SUPPLIED DATA:
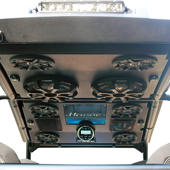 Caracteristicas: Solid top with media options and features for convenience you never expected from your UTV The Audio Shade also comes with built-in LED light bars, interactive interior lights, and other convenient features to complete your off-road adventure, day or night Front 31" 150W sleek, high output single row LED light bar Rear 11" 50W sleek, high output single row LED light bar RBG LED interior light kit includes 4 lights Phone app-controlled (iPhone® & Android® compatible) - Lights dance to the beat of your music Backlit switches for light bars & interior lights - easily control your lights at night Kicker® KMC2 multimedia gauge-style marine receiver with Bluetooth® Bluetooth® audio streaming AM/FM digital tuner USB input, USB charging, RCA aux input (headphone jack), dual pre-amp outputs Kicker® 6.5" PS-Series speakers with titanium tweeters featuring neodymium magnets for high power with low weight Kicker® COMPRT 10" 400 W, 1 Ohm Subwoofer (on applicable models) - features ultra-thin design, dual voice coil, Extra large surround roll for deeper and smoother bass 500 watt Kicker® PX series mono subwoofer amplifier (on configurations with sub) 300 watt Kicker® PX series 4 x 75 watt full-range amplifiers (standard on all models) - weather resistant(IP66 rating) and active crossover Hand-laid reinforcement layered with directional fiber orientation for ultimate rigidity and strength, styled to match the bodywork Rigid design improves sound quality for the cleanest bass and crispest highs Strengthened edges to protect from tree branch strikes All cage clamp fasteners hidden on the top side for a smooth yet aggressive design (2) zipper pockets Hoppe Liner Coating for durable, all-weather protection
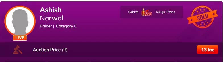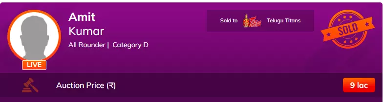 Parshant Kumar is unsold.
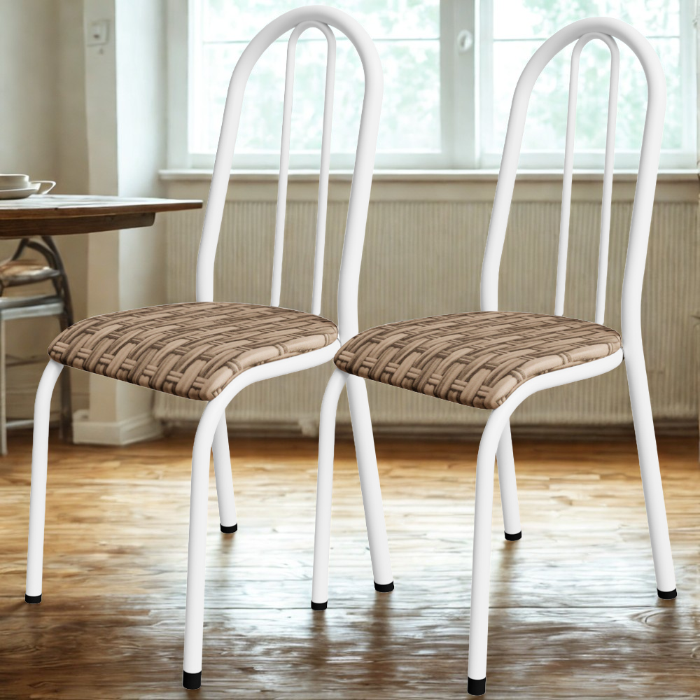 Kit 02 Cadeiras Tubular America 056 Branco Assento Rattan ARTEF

---

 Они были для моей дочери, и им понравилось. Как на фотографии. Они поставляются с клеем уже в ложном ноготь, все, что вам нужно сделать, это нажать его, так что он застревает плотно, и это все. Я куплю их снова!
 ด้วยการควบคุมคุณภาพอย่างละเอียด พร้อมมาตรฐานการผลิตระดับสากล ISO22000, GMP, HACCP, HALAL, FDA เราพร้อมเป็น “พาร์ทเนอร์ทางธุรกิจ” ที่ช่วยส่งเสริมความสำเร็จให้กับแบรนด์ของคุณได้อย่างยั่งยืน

TASK INSTRUCTIONS:
Taking the records above, print only and exactly the lines from the line with "Parshant Kumar is unsold." to the line with "Kit 02 Cadeiras", both kept, and exclude pictures.

RESULT OF THE EXERCISE:
 Parshant Kumar is unsold.
 Kit 02 Cadeiras Tubular America 056 Branco Assento Rattan ARTEF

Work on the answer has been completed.